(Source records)
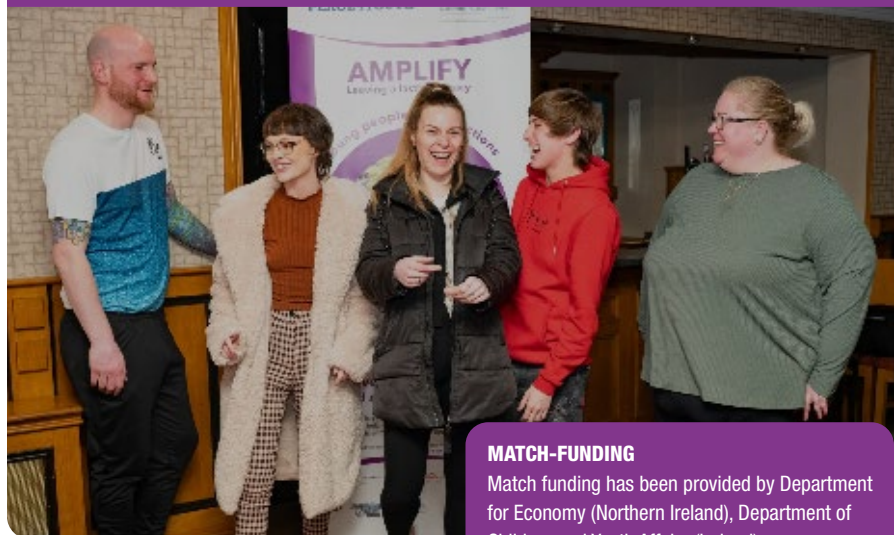
Amplify participants at the project celebration.

This storybook is a great example of how PEACE IV-funded projects such as AMPLIFY have inspired, supported and enabled young people to show courage and contribute to peacebuilding across Northern Ireland and the border counties of Ireland.
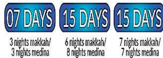
Figure 6. Secondary Announcement

premodification, head and postmodification (Bloor & Bloor, 2007).
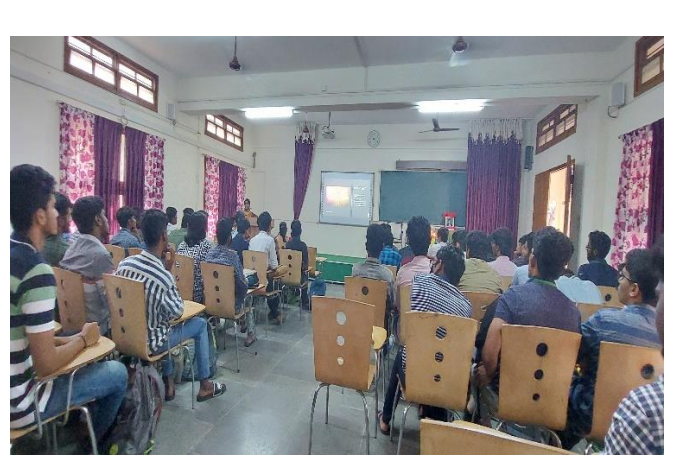
Participants of the programme
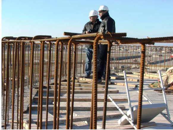
Site Photo 6. ATC tower concrete base

At the time of our site visit, the reinforced concrete base supporting a portion of the tower cab including the walkway was in place, but the cab had not yet been installed. Site Photos 6 and 7 show the concrete base for the tower cab and the walkway that will circle the cab. The reinforcing steel shown in each picture is part of the 1 m high reinforced concrete base that will support another part of the tower cab.
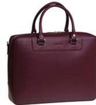
Briefcase 2 document pockets 9 credit card slots 3 note compartments zipper pocket coin pocket
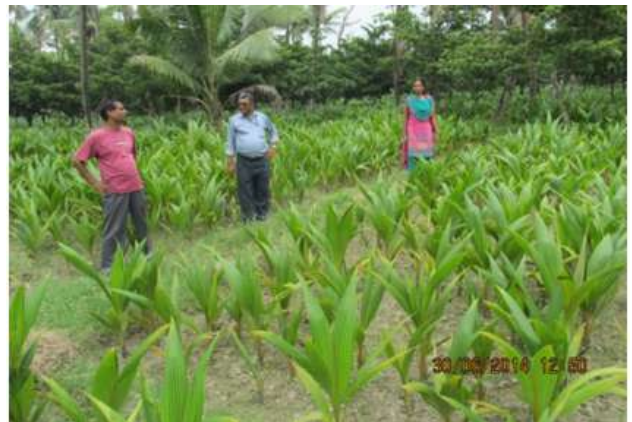
Nursery at CDB, Madhepura farm

has been found to be suitable for coconut cultivation (See Fig-1). The zone experiences an average minimum temperature of 8.8°C and maximum temperature of 33.8°C. This zone has a network of rivers like Bagmati, Kosi and other small rivers, thus humidity is quite high as compared to other areas of the state.
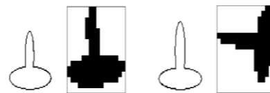
Figure 3: Two similar contour shapes with different representation [8]

To make this method translation, rotation and scale invariant, the shape is scaled into a fixed size rectangle, shifted to the upper left of the rectangle and rotated so that the major axis of the shape is horizontal.
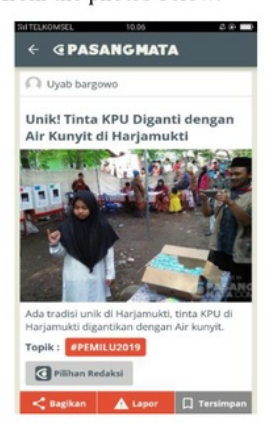
Image II: "Unik! Tinta KPU Diganti dengan Air Kunyit di Harjamukti"

As many as 18 of "Mata-Mata" photos on PasangMata.com have elements of human interest. The human interest aspect of a journalistic work as a news value refers to things that are interesting, sympathetic or can be used to show the "other" side of an event. In the context of the 2019 election the human interest aspect arises in terms of interesting things like photographs showing the differences in ink used in this election in one area in Harjamukti from Uyab Bargowo's submissions. Or the side that invites sympathy when one photo shows a person with disabilities who is also elderly still does not miss the opportunity to use her rights in participating in the 2019 election. This can be seen from the photos below:
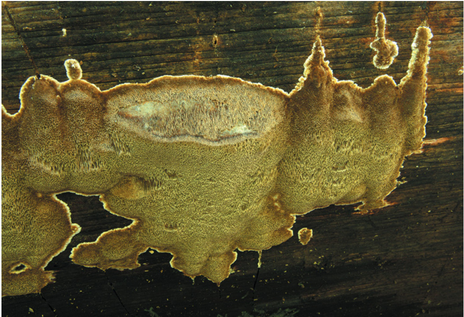
Fig. 22. Phellinus pouzarii , BP4a, 3 October 2013, PRM 923087.
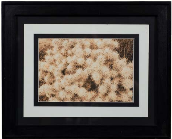
"Crown of Thorns"
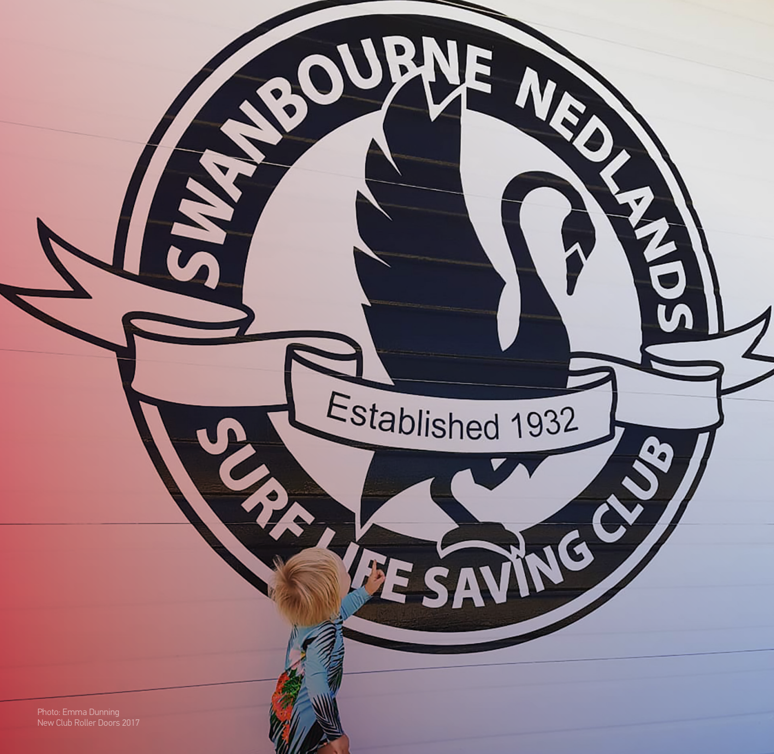
New Club Roller Doors 2017

**TRY IT:**
Compute the number of lines above that contain the string "Figure". Reply with that value only.

**RESULT OF THE EXERCISE:**
2